=== Data for review ===

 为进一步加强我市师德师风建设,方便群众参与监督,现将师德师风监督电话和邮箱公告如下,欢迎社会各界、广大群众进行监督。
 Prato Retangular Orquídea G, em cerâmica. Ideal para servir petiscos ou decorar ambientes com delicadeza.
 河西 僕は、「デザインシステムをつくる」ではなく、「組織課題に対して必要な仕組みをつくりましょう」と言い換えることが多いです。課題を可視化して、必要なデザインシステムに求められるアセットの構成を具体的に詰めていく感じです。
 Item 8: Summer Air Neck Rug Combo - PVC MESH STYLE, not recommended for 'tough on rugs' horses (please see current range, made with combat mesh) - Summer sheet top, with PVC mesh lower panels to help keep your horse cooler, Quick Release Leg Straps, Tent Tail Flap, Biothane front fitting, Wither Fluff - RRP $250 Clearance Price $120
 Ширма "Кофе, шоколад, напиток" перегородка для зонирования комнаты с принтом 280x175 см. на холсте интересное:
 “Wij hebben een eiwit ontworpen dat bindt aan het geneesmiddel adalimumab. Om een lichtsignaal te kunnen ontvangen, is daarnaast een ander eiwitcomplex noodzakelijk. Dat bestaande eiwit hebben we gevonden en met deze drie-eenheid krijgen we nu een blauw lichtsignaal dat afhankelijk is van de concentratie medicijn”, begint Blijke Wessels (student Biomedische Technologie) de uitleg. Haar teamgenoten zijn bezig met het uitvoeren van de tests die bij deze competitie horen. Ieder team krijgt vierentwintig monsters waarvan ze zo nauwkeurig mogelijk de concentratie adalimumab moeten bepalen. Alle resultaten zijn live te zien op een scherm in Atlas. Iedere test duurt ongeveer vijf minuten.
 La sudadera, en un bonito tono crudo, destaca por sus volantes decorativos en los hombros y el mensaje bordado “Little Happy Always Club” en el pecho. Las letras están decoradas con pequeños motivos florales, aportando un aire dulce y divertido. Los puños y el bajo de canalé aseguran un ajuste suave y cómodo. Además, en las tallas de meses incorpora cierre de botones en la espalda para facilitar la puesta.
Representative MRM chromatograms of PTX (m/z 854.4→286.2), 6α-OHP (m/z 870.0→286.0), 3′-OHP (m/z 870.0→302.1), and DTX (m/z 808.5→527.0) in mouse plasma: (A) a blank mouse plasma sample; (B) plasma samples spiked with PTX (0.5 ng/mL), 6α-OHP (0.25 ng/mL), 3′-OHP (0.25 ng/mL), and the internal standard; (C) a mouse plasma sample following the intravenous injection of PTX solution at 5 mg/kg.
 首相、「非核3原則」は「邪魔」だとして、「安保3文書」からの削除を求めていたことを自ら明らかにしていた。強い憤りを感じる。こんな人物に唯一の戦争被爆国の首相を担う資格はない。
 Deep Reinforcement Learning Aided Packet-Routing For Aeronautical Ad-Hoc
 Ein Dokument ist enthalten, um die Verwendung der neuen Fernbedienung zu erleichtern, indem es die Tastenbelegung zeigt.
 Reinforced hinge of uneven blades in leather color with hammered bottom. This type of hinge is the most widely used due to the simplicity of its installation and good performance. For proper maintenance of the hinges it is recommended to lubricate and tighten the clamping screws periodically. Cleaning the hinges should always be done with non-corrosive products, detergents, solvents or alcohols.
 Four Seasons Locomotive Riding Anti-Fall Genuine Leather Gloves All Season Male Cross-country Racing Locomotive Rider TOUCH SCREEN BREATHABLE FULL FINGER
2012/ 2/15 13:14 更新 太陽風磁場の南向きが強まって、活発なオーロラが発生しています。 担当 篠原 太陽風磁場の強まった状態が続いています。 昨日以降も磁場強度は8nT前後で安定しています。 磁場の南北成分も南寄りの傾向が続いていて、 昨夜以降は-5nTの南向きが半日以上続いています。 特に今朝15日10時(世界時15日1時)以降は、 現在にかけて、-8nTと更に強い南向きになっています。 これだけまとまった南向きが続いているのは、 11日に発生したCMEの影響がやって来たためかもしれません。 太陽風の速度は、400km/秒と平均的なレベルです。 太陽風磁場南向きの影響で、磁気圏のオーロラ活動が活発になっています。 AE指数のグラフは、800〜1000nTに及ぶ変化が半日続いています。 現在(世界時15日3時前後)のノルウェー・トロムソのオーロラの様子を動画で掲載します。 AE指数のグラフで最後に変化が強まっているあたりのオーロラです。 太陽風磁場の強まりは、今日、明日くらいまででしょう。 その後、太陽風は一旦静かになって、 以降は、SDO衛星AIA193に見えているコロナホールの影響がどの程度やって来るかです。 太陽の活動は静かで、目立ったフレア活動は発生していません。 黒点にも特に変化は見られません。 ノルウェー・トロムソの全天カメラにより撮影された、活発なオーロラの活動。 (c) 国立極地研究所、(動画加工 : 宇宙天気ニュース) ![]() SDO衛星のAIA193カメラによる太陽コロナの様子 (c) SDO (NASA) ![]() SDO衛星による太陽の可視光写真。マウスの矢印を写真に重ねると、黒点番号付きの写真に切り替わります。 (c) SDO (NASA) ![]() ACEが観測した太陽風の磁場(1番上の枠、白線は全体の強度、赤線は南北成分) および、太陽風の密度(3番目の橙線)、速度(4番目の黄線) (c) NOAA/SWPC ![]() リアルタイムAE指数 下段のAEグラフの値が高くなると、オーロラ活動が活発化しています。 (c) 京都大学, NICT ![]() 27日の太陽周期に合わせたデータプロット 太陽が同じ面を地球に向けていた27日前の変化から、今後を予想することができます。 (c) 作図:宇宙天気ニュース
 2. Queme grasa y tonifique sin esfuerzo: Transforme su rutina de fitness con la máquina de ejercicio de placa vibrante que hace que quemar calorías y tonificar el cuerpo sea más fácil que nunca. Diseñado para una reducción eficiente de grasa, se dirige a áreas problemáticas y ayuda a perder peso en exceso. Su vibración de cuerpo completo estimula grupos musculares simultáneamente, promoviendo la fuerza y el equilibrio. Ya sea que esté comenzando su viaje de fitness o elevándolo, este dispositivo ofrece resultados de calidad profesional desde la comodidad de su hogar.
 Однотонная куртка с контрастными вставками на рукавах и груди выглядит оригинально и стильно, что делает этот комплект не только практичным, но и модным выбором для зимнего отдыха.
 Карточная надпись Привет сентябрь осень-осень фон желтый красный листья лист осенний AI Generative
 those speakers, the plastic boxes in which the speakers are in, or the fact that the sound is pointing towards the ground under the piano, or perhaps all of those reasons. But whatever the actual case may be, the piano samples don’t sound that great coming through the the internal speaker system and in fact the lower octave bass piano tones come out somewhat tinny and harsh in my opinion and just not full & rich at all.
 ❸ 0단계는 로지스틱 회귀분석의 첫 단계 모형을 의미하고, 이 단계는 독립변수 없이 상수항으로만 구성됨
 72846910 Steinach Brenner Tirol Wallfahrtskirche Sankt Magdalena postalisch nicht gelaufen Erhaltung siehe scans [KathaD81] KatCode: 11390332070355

===

Aim of the exercise
Return every line of the data above in which "para" appears.

Response for this exercise
 Prato Retangular Orquídea G, em cerâmica. Ideal para servir petiscos ou decorar ambientes com delicadeza.
 La sudadera, en un bonito tono crudo, destaca por sus volantes decorativos en los hombros y el mensaje bordado “Little Happy Always Club” en el pecho. Las letras están decoradas con pequeños motivos florales, aportando un aire dulce y divertido. Los puños y el bajo de canalé aseguran un ajuste suave y cómodo. Además, en las tallas de meses incorpora cierre de botones en la espalda para facilitar la puesta.
 2. Queme grasa y tonifique sin esfuerzo: Transforme su rutina de fitness con la máquina de ejercicio de placa vibrante que hace que quemar calorías y tonificar el cuerpo sea más fácil que nunca. Diseñado para una reducción eficiente de grasa, se dirige a áreas problemáticas y ayuda a perder peso en exceso. Su vibración de cuerpo completo estimula grupos musculares simultáneamente, promoviendo la fuerza y el equilibrio. Ya sea que esté comenzando su viaje de fitness o elevándolo, este dispositivo ofrece resultados de calidad profesional desde la comodidad de su hogar.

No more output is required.